With pictures excluded, copy word for word the lines in the data below from the line containing "Graphic Skirts >" through the line containing "2025年中國質(zhì)量協(xié)會QC成果交流專業(yè)Ⅱ級成果獎".

→ Records for processing
↓↓↓

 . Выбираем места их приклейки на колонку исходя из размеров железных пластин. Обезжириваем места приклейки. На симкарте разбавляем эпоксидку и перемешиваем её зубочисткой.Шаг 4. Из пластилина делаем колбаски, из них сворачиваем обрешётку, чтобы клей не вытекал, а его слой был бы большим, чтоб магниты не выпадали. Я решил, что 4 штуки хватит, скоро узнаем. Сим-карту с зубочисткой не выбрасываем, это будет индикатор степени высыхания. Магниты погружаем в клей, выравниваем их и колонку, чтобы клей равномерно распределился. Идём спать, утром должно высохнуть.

↑↑↑
↓↓↓

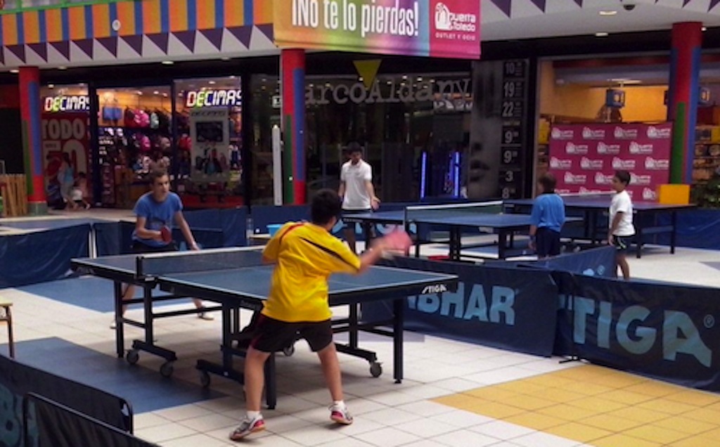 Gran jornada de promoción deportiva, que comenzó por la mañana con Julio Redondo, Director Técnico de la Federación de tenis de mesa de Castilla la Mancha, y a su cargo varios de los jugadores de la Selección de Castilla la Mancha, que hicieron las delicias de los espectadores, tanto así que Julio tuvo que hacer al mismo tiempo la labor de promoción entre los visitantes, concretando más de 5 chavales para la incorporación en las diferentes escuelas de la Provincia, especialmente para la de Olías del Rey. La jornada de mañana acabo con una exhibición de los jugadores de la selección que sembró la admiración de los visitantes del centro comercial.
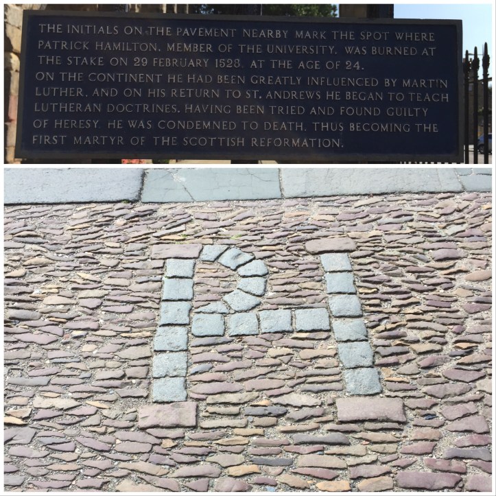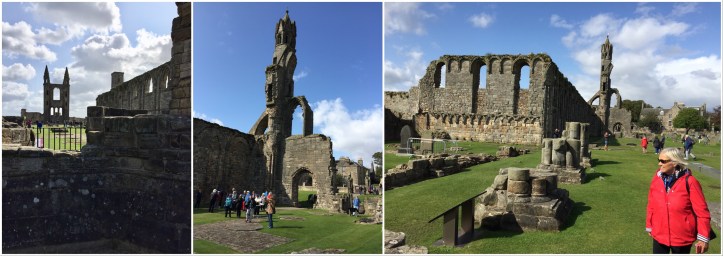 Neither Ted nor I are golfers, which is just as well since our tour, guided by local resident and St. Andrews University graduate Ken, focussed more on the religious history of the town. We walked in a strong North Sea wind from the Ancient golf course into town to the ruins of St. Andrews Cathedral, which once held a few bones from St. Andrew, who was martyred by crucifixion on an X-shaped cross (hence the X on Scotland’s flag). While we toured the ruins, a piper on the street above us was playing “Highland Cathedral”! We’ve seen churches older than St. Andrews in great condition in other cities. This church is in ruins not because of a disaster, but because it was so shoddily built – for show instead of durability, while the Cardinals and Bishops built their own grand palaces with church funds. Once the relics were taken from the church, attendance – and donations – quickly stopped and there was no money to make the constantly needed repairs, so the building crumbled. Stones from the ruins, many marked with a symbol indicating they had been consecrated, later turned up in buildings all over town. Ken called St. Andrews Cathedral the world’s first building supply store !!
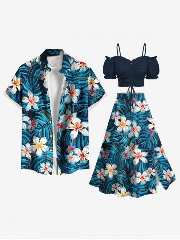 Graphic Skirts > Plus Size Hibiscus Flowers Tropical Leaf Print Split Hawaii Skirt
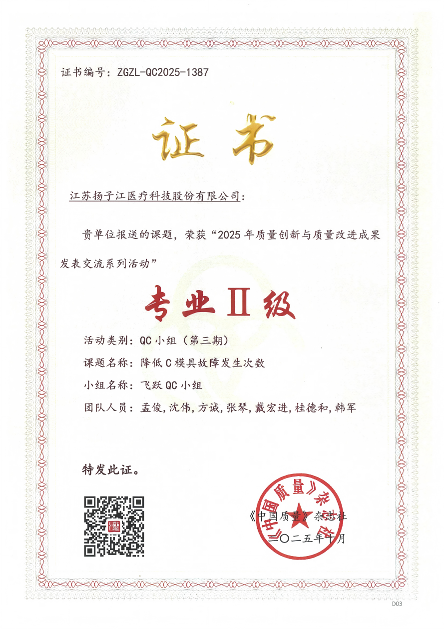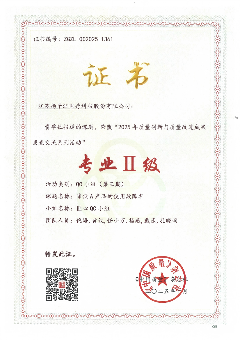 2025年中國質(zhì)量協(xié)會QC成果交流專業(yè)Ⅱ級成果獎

↑↑↑

→ Written solution
 Graphic Skirts > Plus Size Hibiscus Flowers Tropical Leaf Print Split Hawaii Skirt
 2025年中國質(zhì)量協(xié)會QC成果交流專業(yè)Ⅱ級成果獎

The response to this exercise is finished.